Thun auf titelkurs: kann der fc sion's rekord brechen?
Der FC Thun scheint unaufhaltsam auf dem Weg zum ersten Meistertitel der Vereinsgeschichte zu sein. Sechs Spieltage vor Saisonende thront das Team aus dem Berner Oberland komfortabel an der Spitze der Super League und deutet einen historischen Triumph an – ein Ereignis, das die Schweizer Fussballlandschaft seit Jahrzehnten nicht mehr erlebt hat.

Ein blick in die geschichte des schweizer fussballs
Insgesamt haben bereits 19 Vereine das Glück, sich den Titel des Schweizer Meisters zu sichern. Der FC Thun könnte somit als der 20. Verein in diese illustre Riege eintreten. Marco Bürki und Kastriot Imeri stechen dabei als treibende Kräfte hervor, die das Team unaufhaltsam nach vorne treiben.
Der letzte Neuling, der die Meisterschale in die Höhe stemmen durfte, war der FC Sion in der Saison 1991/92. Die Walliser bewiesen damals, dass auch ein Underdog in der Lage ist, die etablierten Kräfte zu stürzen und feierten in den 90er-Jahren sogar einen weiteren Titel. Aber auch Mannschaften wie der Grasshopper Club Zürich, der aktuelle Rekordmeister, feierten bereits im Jahr 1898 ihren ersten Triumph – damals im Rahmen des Ruinart-Cups, was sie dennoch zu einem wichtigen Kapitel in der Schweizer Fussballgeschichte macht.
Doch wer hat bisher die Chance auf den Titel verpasst? Ein Blick in die Annalen des Schweizer Fussballs zeigt, dass es noch fünf Meistervereine gibt, die bisher nur einmalig den Titel erringen konnten. Interessanterweise finden sich darunter auch Teams aus der Challenge League, wie der FC Aarau und Neuchâtel Xamax FCS, die jeweils drei Meistertitel errangen. Auch der FC La Chaux-de-Fonds, der heute in der 1. Liga aktiv ist, kann auf drei Meisterschaftsgewinne zurückblicken. Selbst die zweite Mannschaft von La Chaux-de-Fonds, der FC Etoile-Sporting, die in der 3. Liga spielen, trägt zur reichen Geschichte der Region bei.
Die AC Bellinzona, die aktuell in der Challenge League spielt, konnte ebenfalls einmal den Titel erringen, ebenso wie der SC Brühl und der FC Biel-Bienne aus der Promotion League. Einzig der Anglo-American Club Zürich, der bereits 1899 den Titel gewann, musste seine Existenz beenden.

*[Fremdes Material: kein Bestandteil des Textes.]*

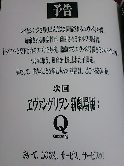 라는 내용의 예고이다. 실제음성도 그랬음. 웅성포인트는 에바8호기와 그 파일럿.부분에서 8호기도 나오냐... 라는 걸로 웅성웅성. 그리고 운명이 정한... 에서 나오는 애꾸눈 아스카부활신(!!!) 에서 관람객 모두들 크리티컬을 먹었다.

Die jüngsten Erfolge des FC Thun, trotz der zwei Niederlagen in Folge, sind beeindruckend. Der Vorsprung von zwölf Punkten auf die Verfolger ist eine deutliche Ansage. Görtler und Shaqiri zeigten in der letzten Partie, dass die Mannschaft auch in schwierigen Situationen die nötige Entschlossenheit besitzt, um zu punkten. Die Mannschaft hat den Schwung, die Konstanz und die nötige Cleverness, um diesen Vorsprung zu verteidigen und den Titel zu holen.
Die Frage ist nicht, ob, sondern wann der FC Thun den historischen Titel feiern wird. Die Fans dürfen gespannt sein auf die verbleibenden sechs Spiele der Saison und hoffen auf eine krönende Abschluss eines einzigartigen Fussballjahres. Die Berner Oberländer haben die Chance, in die Geschichte einzugehen und den Schweizer Fussball auf den Kopf zu stellen. Ein Kapitel, das noch lange in Erinnerung bleiben wird.